CO₂ may also migrate out of the storage formation, either from fractures in the caprock or migration through the caprock if the capillary threshold pressure is exceeded. There are a number of possible solutions to this, including reduction of pressure in the storage formation by stopping/ reducing injection or increasing the number of wells. Extracting formation water from the storage reservoir may allow steering of the CO₂ plume and will reduce the pressure. The pressure could also be increased in the overlying aquifer or upstream by water injection, thus forming a pressure barrier. It may also be possible to plug with low permeability materials.

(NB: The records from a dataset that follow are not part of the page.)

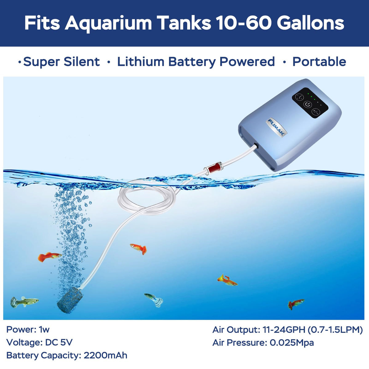 FUMAK Aquarium Air Pump, USB Rechargeable Lithium Battery Powered Portable Air Pump for Fish Tanks up to 60 Gallons, AC/DC Dual
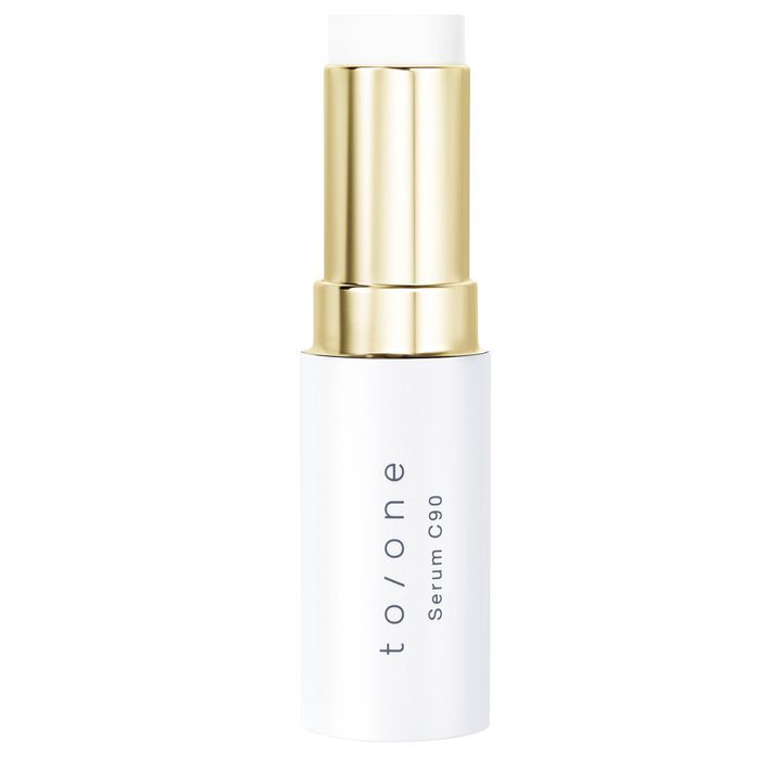 「乾燥により皮脂が出て崩れた部分にバームを指に取り優しくなじませて。コンシーラーの下に仕込むのもおすすめ」ビタミンCを90%配合のスティック美容液。¥4,950(to/one)
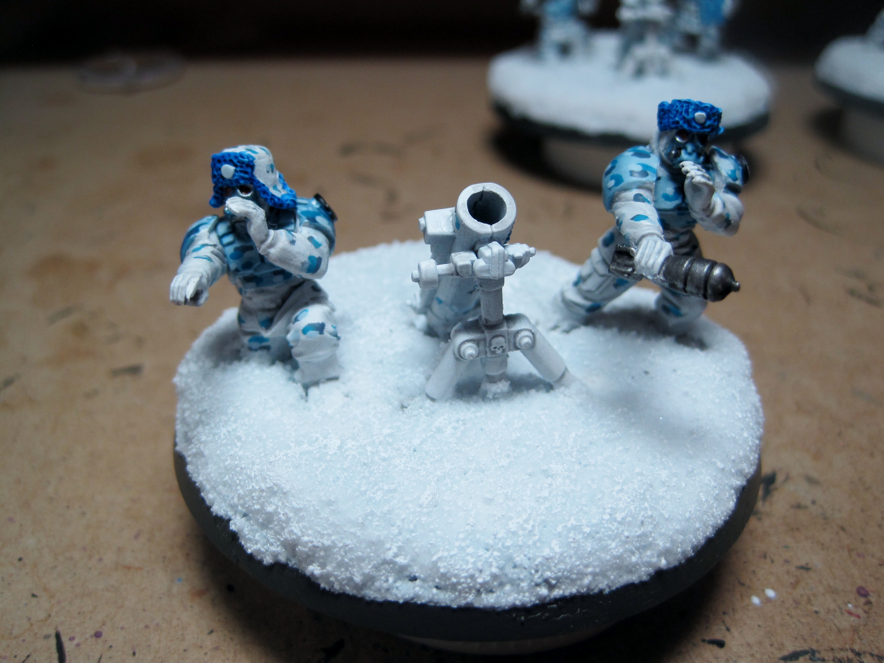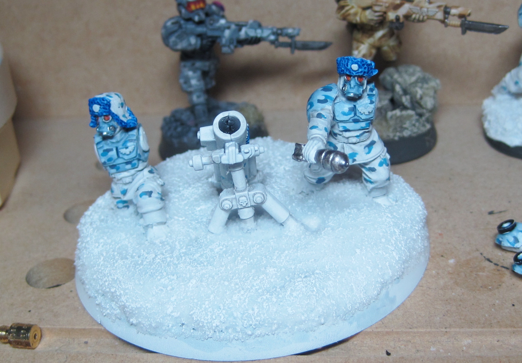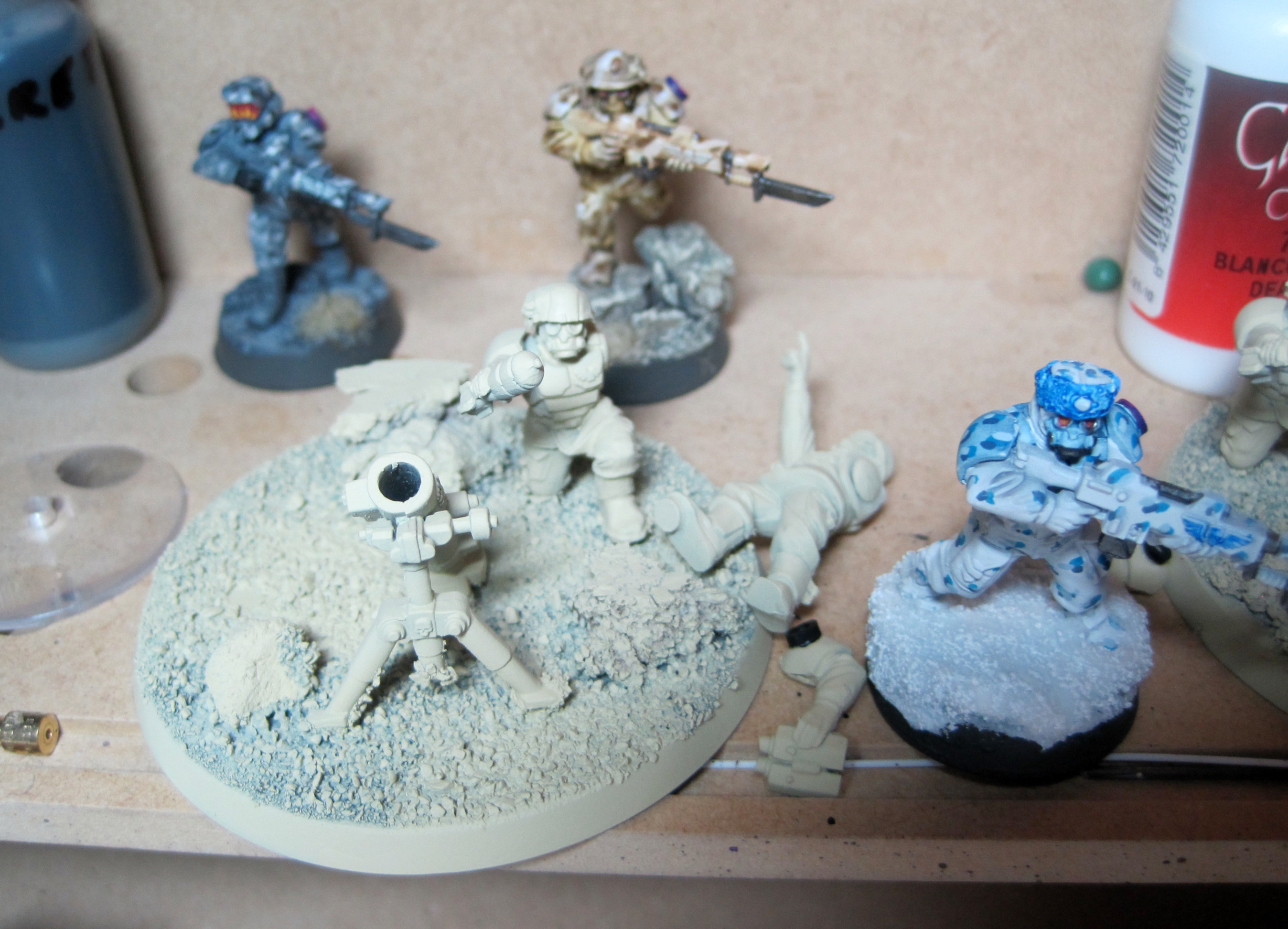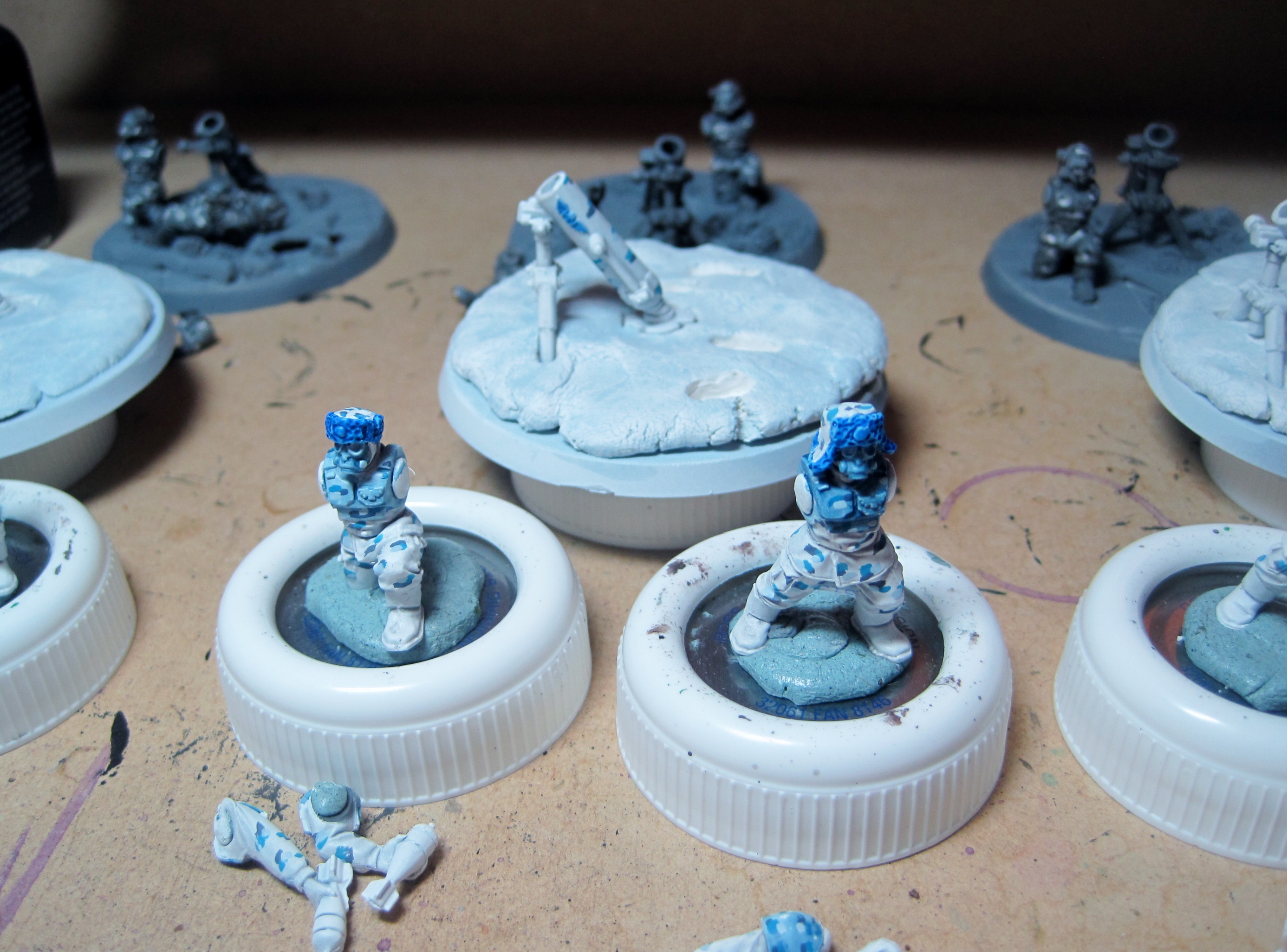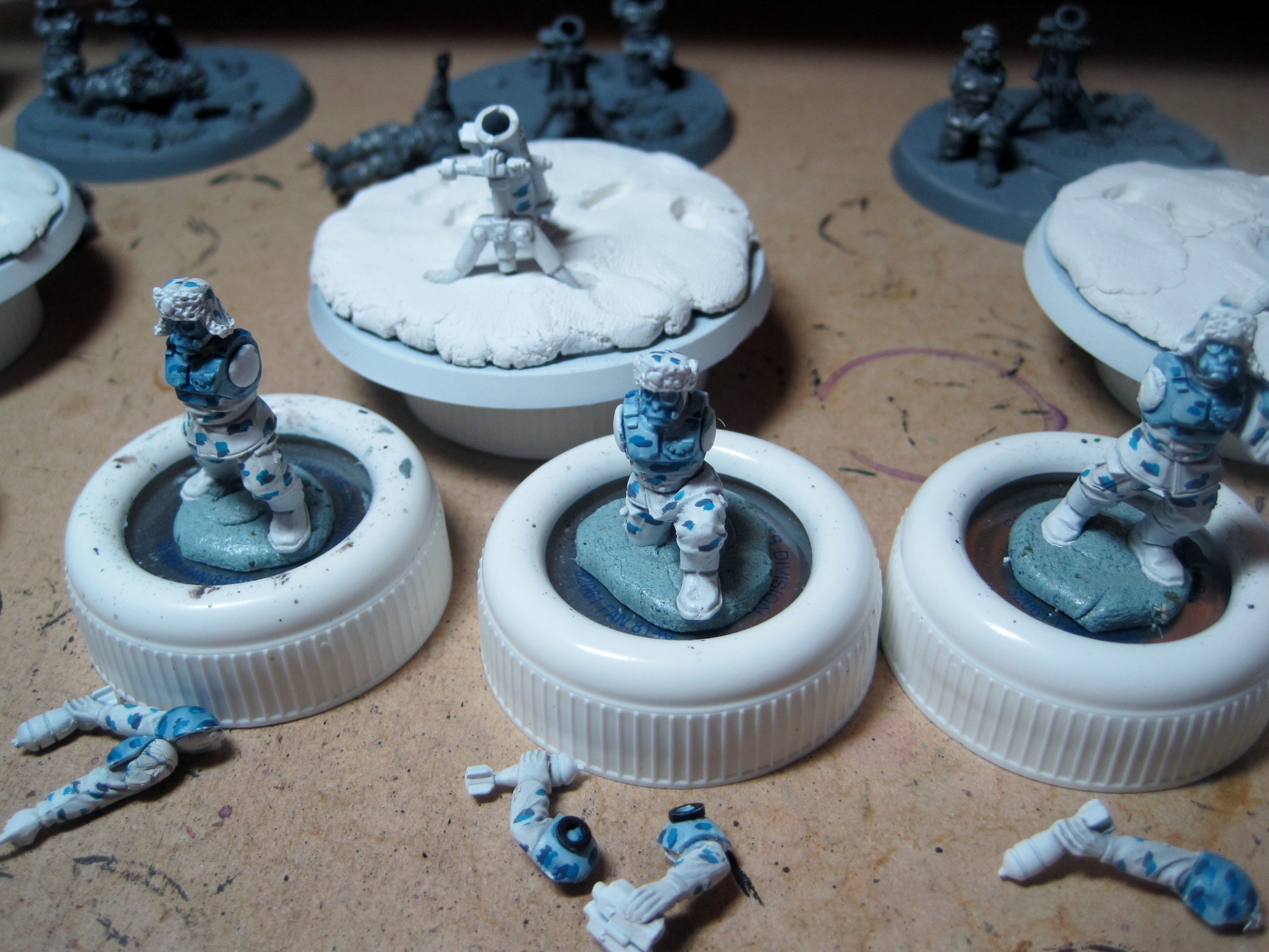 D'oh!! Ach, crivens!! You're correct. That would have been a nice touch, but at this point it isn't going to happen. I put a blob of clay on the base and pushed a model into it. Primed white, than a watered down ghost gray (very light blue/gray), a layer of woodland scenics snow, drybrush white. I think it creates a nice little effect.

In case of migration out of the confining structure from an unknown cause, the first step would be to stop injection, then begin investigation into the source of the migrating CO₂, by checking pressure and well logs and reviewing the local geology. Using this information, shallower zones can be drilled to locate the source and migrating CO₂ can be controlled by lowering the pressure in the storage zone or creating a hydraulic barrier. It may also be able to be plugged and the storage operation may have to be reconfigured to take account of the new information.

If CO₂ were to migrate into potable groundwater, any accumulations of CO₂ can be removed by drilling wells to intersect and extract them. CO₂ can also be extracted in the dissolved phase using extraction wells and aerating it. If the groundwater has been contaminated by other substances that have been mobilised by CO₂, then pump and treat methods may need to be applied. Hydraulic barriers could also be used to immobilise and contain the contaminants.

Leakage of CO₂ could adversely affect the vadose zone, ecosystem and surface water all of which would need remediating. CO₂ can be extracted from soil-gas by vapour extraction techniques by drilling wells. As CO₂ is a dense gas, it could be collected in subsurface trenches, extracted and reinjected or vented. Acidification of the soils from contact with CO₂ could be remediated by irrigation or drainage.

There also needs to be a consideration of leakage into the atmosphere. For large releases spread over a large area, dilution may occur from natural atmospheric mixing, otherwise fans could be used.

There have recently been modelling studies, looking at using extraction wells to remove CO₂. Some preliminary results show that this method may work fairly well on smaller plumes, but appear less effective with larger plumes. However, remediation of larger plumes may be more effectively carried out by simultaneous CO₂ extraction and injection of water.

CO₂GeoNet, a consortium based in Europe, was commissioned by IEAGHG to undertake this study.

Key Messages

• Migration of CO₂ can occur via engineered or natural pathways. Mitigation methods related to wells are the best established.

• Measures related to natural pathways are likely to be via pressure management methods.

• There are many novel technologies available, though current mitigation plans for existing projects include only mature technologies. However, mitigation plans should be flexible to take account of newer technologies when they become available and allow holisitic decision making.

• All mitigation and remediation plans should be site-specific and risk-based.